2015年ノーベル医学生理学賞受賞理由:格差問題解決の科学への期待

今年のノーベル賞は日本の大村智さん、アイルランド生まれのアメリカ人William C. Campbellさん、そして中国人としては初めての受賞者になる屠さんの3人が受賞した。財団からリリースされた受賞理由を解説しておこう。

今回の賞金は、半分が大村智さんとWilliam C. Campbellさんによる円形動物による寄生虫感染症(象皮症と河川盲目症)に対する薬剤アベルメクチンとその誘導体の開発、残りの半分が屠さんにマラリア原虫に対する新しい薬剤アルテミシニンの開発に対して与えられている。受賞理由の出だしに、この3人が開発した薬剤が世界のもっとも貧しい人たちを救っていることが強調されている。現在、分子標的薬や抗体薬など高価な薬剤が続々開発され、先進国の医療保健システムが崩壊するのではないかと懸念されている時、科学はその本来の姿に帰るべきではないかと意思表示をしたのではないだろうか。

次に「寄生虫がおこす悲惨な病気」という見出しで、それぞれの薬が効果を持つ病気について解説している。まず未だ世界の三分の一の人たちが寄生虫病に苦しんでいること、中でもフィラリアによるリンパ管炎症からくる象皮病や陰嚢水瘤、オンコセルカによる角膜炎症からくる河川盲目症が一生続く苦しい病気であるかを述べている。次にマラリアについて、もっとも弱い人たちが感染し、年間45万人、特に子供達が命を落としていることを述べ、この業績の意義を強調している。

次に「細菌や植物から新しい抗寄生虫薬の開発」という見出しで、それぞれの開発研究について述べている。まず大村さんが、ワックスマンがストレプトマイシンを発見しノーベル賞に輝いたストレプトマイセスに注目し、土壌からの培養方法を開発したこと、その中から50種類の系統を分離して抗生活性を調べられるようにしたこと、そして寄生虫の専門家キャンベルさんがその中からアベルメクチンを抽出した経過を述べている。この説明に使われた図が意味深だ。ゴルフ場近くの土壌から分離したとはいえ、日本を象徴する富士を見上げるゴルフコースとゴルフボールのある地上に対し、その地下深くに存在するストレプトマイセスを対照させて、(深読みかもしれないが)、格差問題を象徴し、それを解決する科学への期待を表明しているように思える。最後に、アベルメクチンが人間から家畜まで多くの寄生虫の特効薬として広く使われていることを述べている。

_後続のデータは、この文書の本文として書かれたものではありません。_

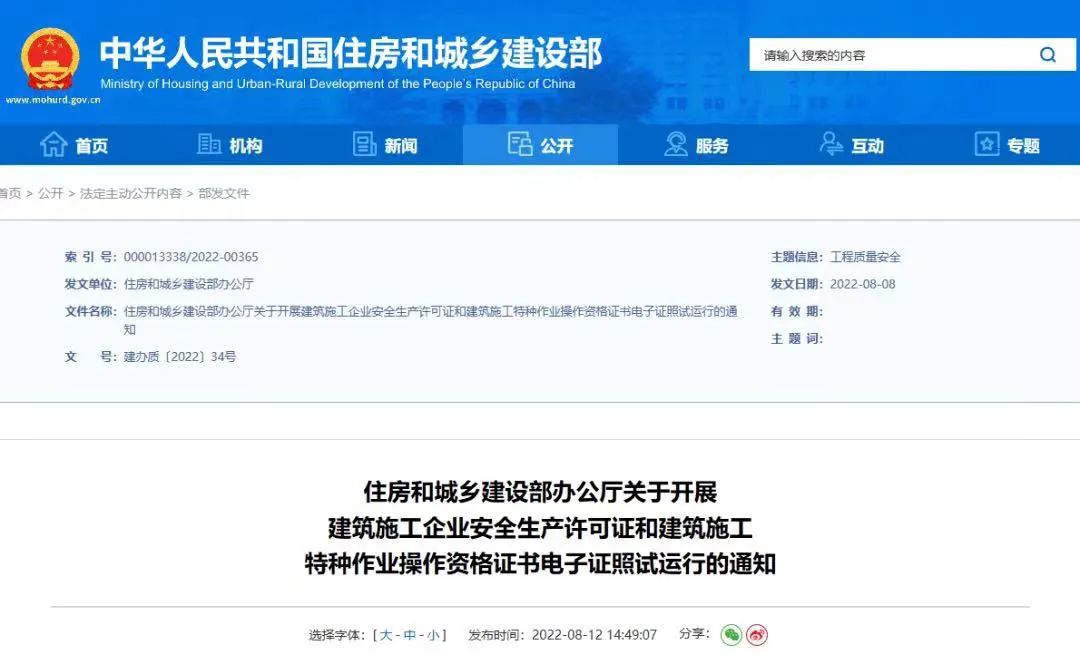 住建部8月12日发文,决定开展建筑施工企业安全生产许可证和建筑施工特种作业操作资格证书电子证照(下称电子证照)试运行。

次に中国屠さんの業績に移って、まだ中国が貧困に喘いでいる時、中国の漢方に基づいてマラリア薬開発に乗り出し、Artemisia annuaオウカコウにその作用があることを発見、その後古い漢方の医学書を参考にしながらアルテミシニンの開発に成功したこと、そしてこの薬剤がクロロキンやキニーネと比べ格段に優れた薬効を示したことを述べている。

いずれの薬剤も、生物から抽出することが重要で、実際構造式を見ると、人間の頭ではなかなか考え出せない構造だ。

そして「アベルメクチンとアルテミシニンは世界の健康に貢献する」という見出しで、アルベミクチンとその誘導体イベルメクチンが寄生虫の特効薬として世界のもっとも貧しい地域で人々を救っていること、そしてアルテミシニンの開発によりマラリアの死亡率が20%以上改善され、特に児童の健康に役立っていることを強調して終わっている。

もともと大村さんはガードナー賞、屠さんはラスカー賞を受けており、当然の受賞と言っていい。最近サイエンスやネーチャーといったトップジャーナルも、格差問題のための科学を後押しする姿勢を見せている。このような中で、今回のノーベル賞も同じメッセージを世界に発信することに成功したと思う。経済学賞もこれに続くのか、興味がある。